Political Participation
Political Theory
Social Justice
Decision Making
Power
Konrad Gürtler
Research Institute for Sustainability (RIFS) - Helmholtz Center Potsdam (GFZ)
Konrad Gürtler
Research Institute for Sustainability (RIFS) - Helmholtz Center Potsdam (GFZ)

Abstract

In recent years, transformation pathways are characterized by increasing attention to making them just and inclusive. Both political and academic debates reflect this priority. While there is wide agreement on the necessity of justice in transitions, different actors and individuals hold different ideas of what justice is, and which justice concerns should be prioritized. In politicized transition settings, diverging normative standpoints of what a just transition should like are at the heart of many conflicts. The phase-out of fossil industries, for instance, involves complex claims to justice which are often reduced to the dichotomy between local communities fearing to lose their jobs and climate justice groups fighting for emission reductions to prevent global harm. Decisions of what ought to be done are often not properly discussed and justified. And even if they are, conflictual settings are shaped by unequal power dynamics and uneven access to debates and decision-making arenas. The question of whose claims to justice should be weighed higher in these transitions arises, and it requires decision-makers to position themselves. Energy policy and transition research has seen multifaceted contributions on energy justice or just transitions. However, the normative underpinnings of the justice conceptions that are used often remain insufficiently spelled out.
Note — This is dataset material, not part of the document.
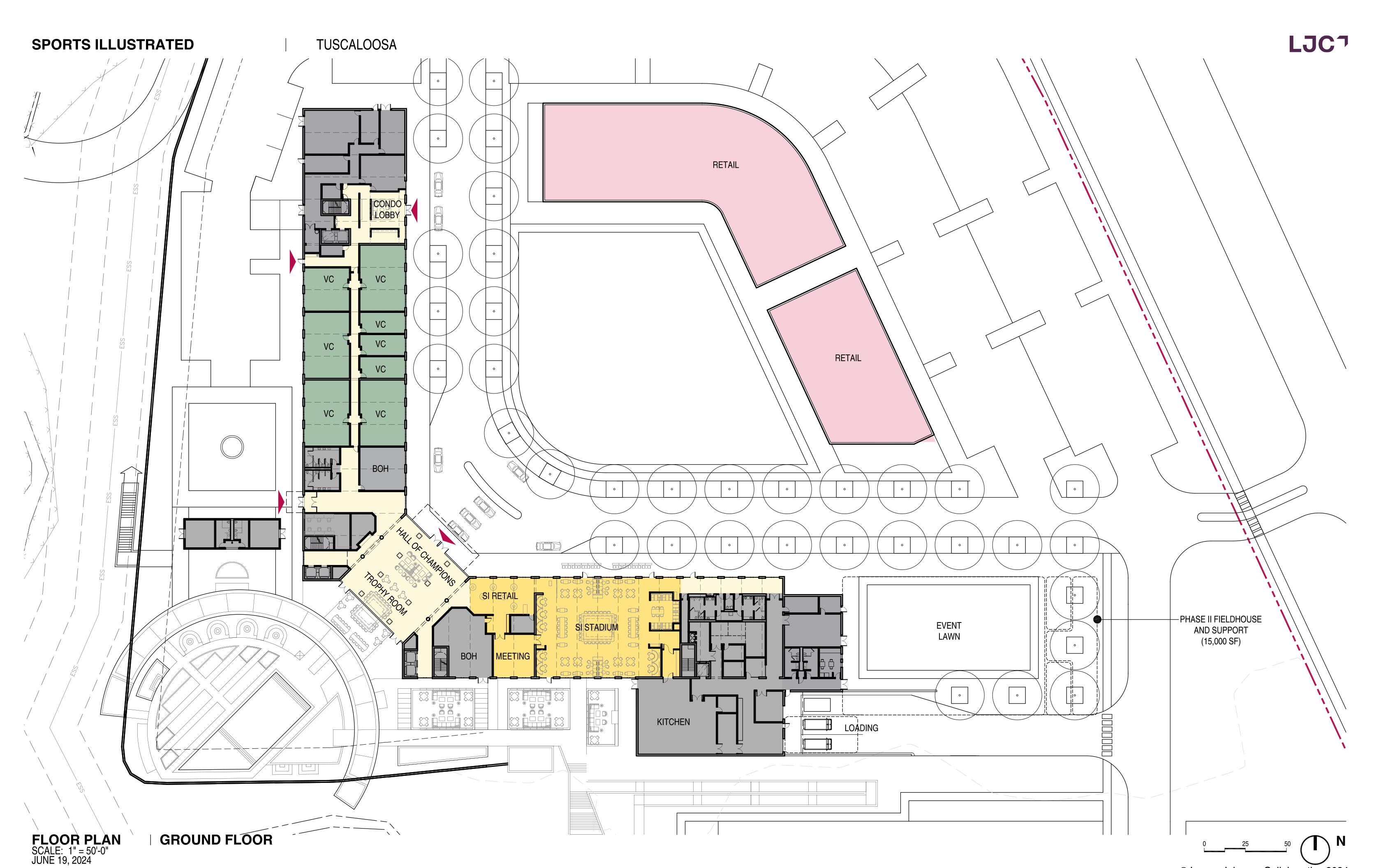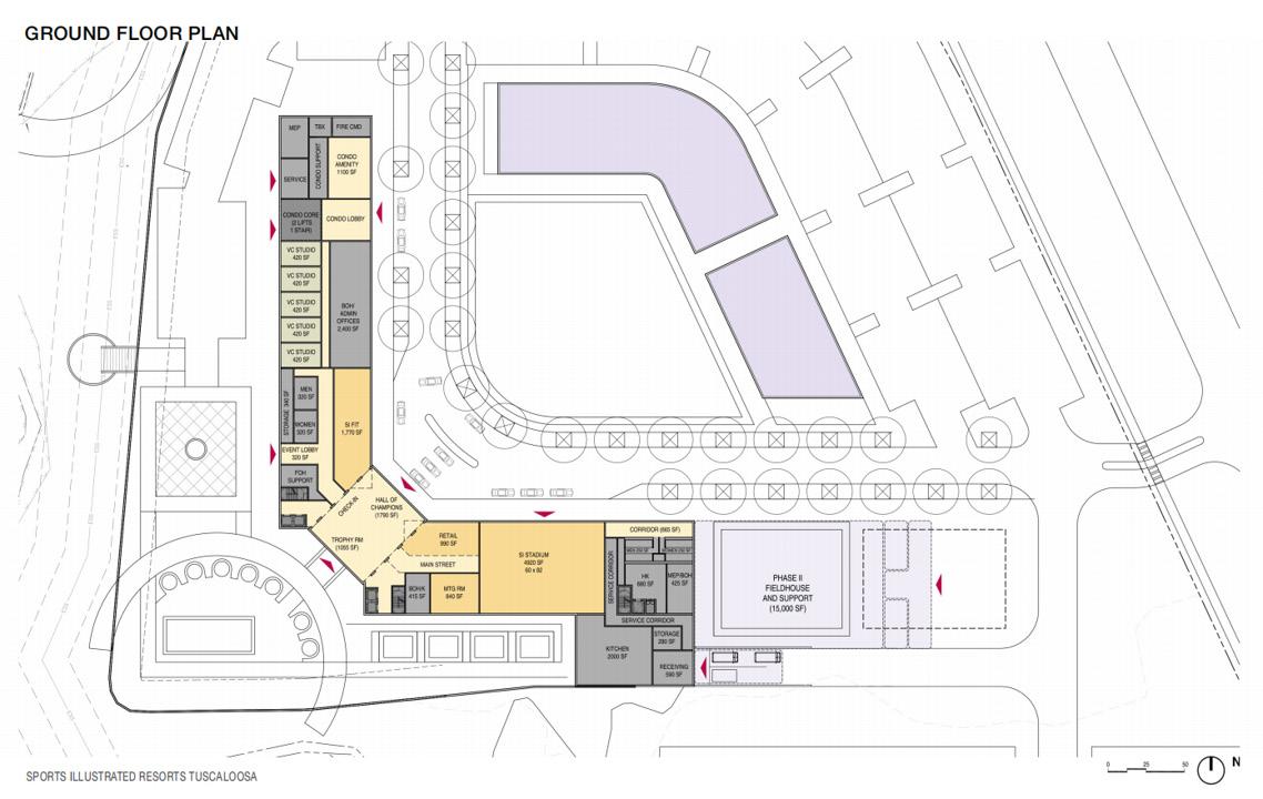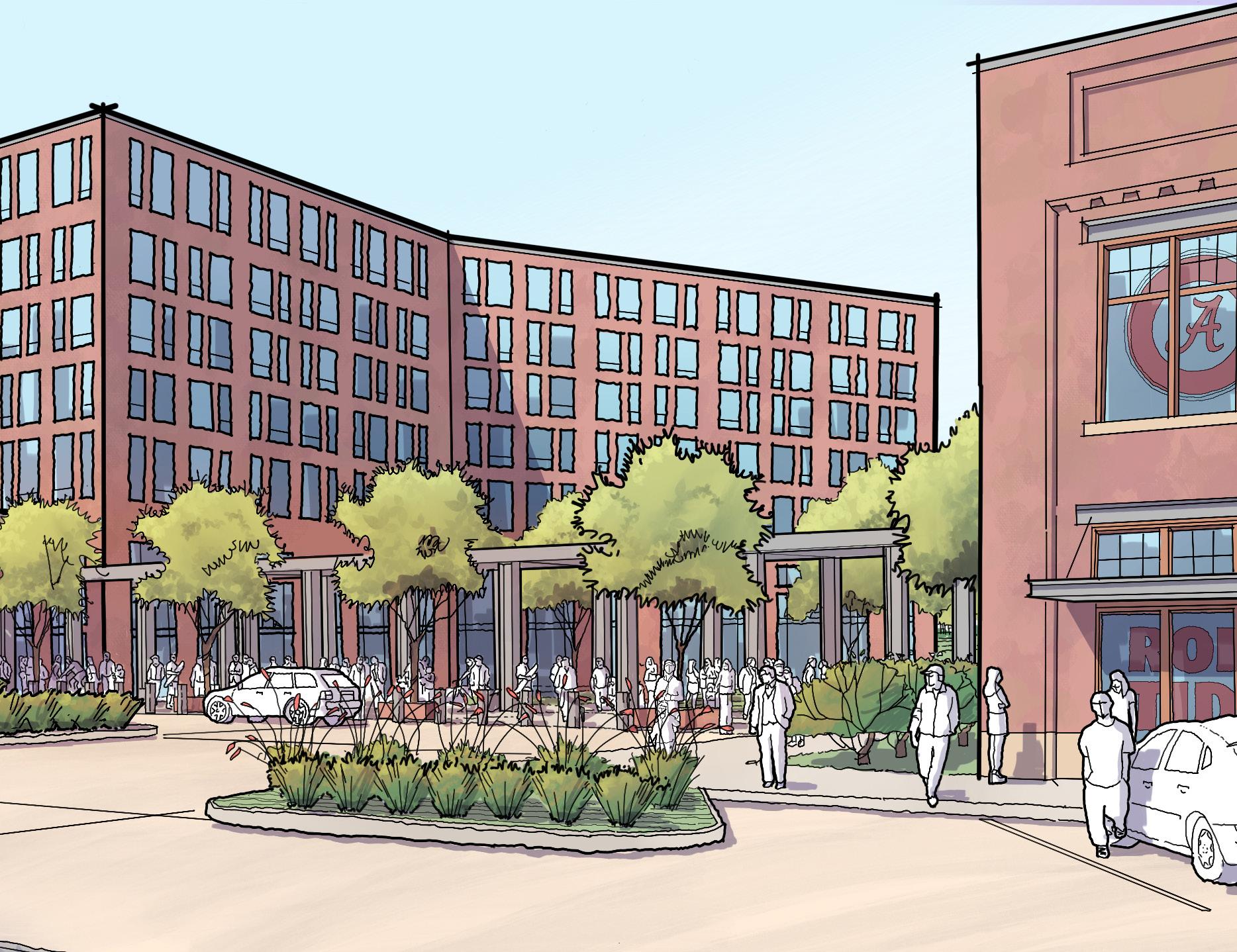 The vision is to create a vibrant resort that serves active lifestyles, attracts sports enthusiasts, and engages the broader Tuscaloosa community. The collaboration involves designing key structures like the SI Hotel, a high-rise with 150 rooms; a mid-rise condo and vacation club; and additional amenities such as a pool, cabana, fitness center, and a central services building.

Many studies notice a lack of justice in the cases that they study, yet it remains unclear against which principles of justice these statements are made. As energy policy researchers (not as political theorists), we ask ourselves how decision-makers then should make sense of all the, partially contradictory, justice claims that they have to deal with. To this end, we review what selected political theory contributions suggest as principles of prioritizing between justice claims if they stand in conflict with each other. We then study to what extent such prioritization proposals are reflected in the social science energy justice literature. While conclusive answers on how to prioritize between contradictory claims cannot be provided in this contribution, the aim is to identify those questions and considerations that have to be addressed to move forward towards pragmatic approaches of meaningfully engaging with diverse justice claims.